### Exercise description
All of the data, word for word and free of pictures, is the expected result.

### Supplied material
::::::

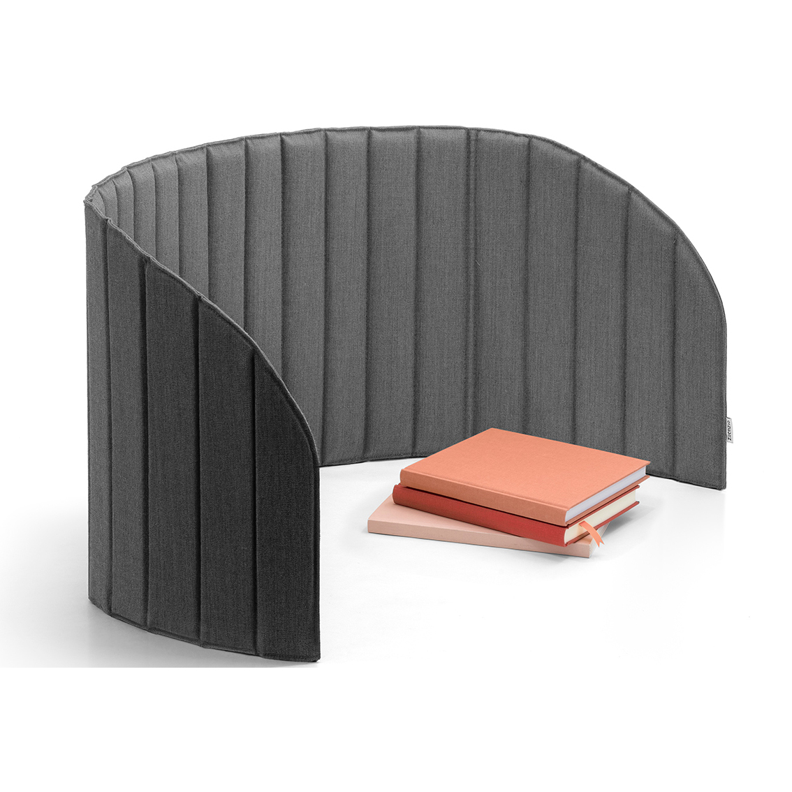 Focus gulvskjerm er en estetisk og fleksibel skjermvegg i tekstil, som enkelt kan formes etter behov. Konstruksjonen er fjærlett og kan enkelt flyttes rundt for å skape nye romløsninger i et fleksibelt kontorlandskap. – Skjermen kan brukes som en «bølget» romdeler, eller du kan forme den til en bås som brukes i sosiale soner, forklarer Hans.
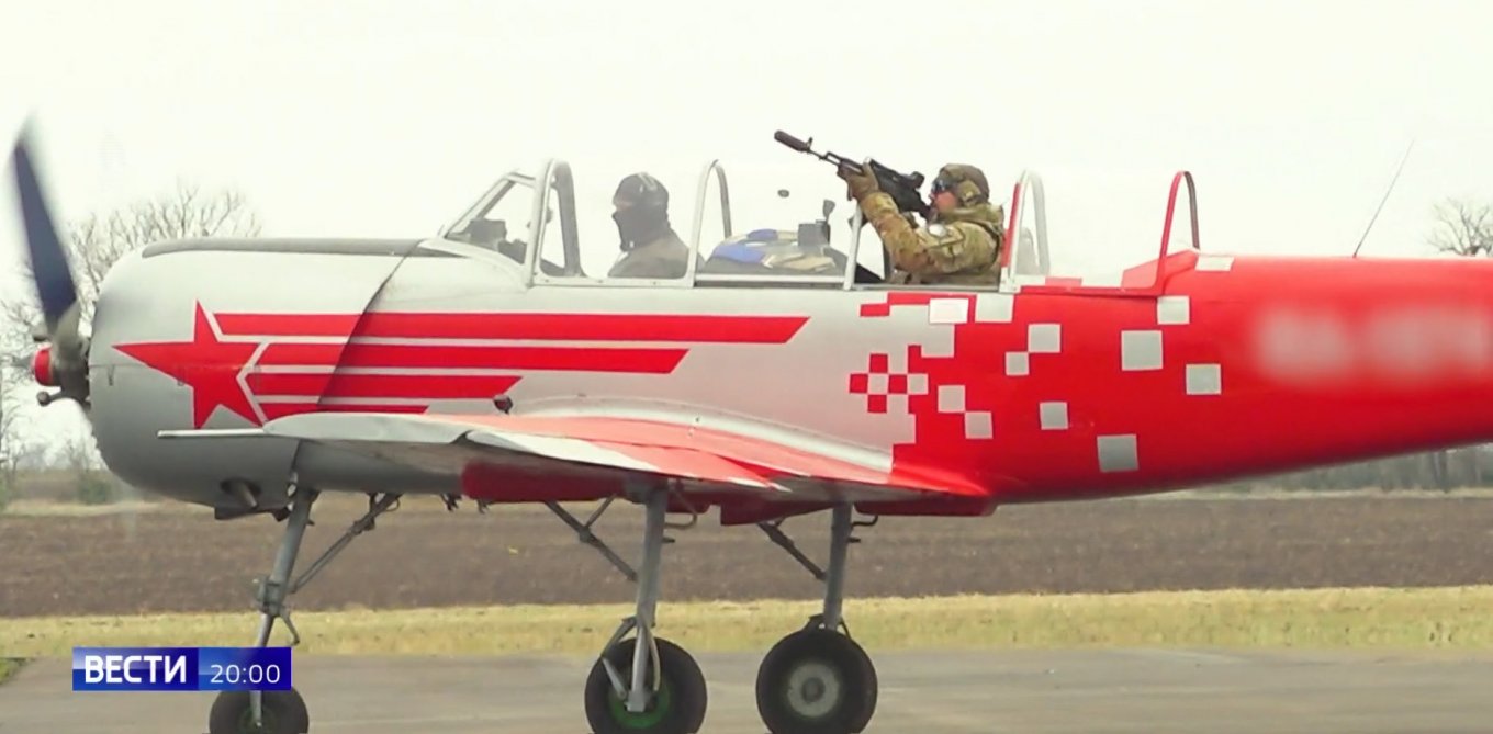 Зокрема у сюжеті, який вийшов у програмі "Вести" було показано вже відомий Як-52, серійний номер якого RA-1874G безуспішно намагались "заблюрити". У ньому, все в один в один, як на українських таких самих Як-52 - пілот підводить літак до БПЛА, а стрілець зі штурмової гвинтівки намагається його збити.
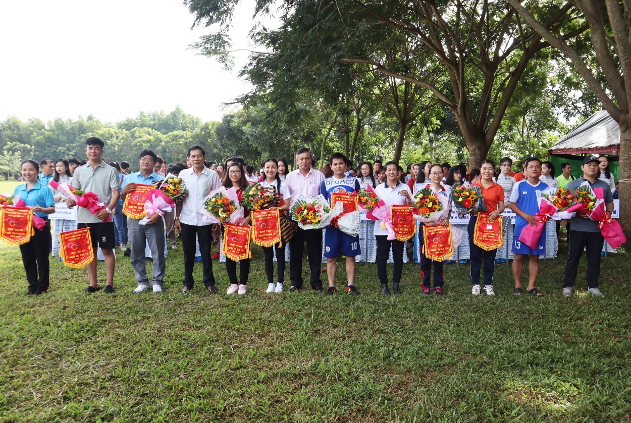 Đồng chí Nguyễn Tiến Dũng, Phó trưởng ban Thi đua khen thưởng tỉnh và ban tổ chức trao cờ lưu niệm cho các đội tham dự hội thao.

::::::

### Result
 Focus gulvskjerm er en estetisk og fleksibel skjermvegg i tekstil, som enkelt kan formes etter behov. Konstruksjonen er fjærlett og kan enkelt flyttes rundt for å skape nye romløsninger i et fleksibelt kontorlandskap. – Skjermen kan brukes som en «bølget» romdeler, eller du kan forme den til en bås som brukes i sosiale soner, forklarer Hans.
 Зокрема у сюжеті, який вийшов у програмі "Вести" було показано вже відомий Як-52, серійний номер якого RA-1874G безуспішно намагались "заблюрити". У ньому, все в один в один, як на українських таких самих Як-52 - пілот підводить літак до БПЛА, а стрілець зі штурмової гвинтівки намагається його збити.
 Đồng chí Nguyễn Tiến Dũng, Phó trưởng ban Thi đua khen thưởng tỉnh và ban tổ chức trao cờ lưu niệm cho các đội tham dự hội thao.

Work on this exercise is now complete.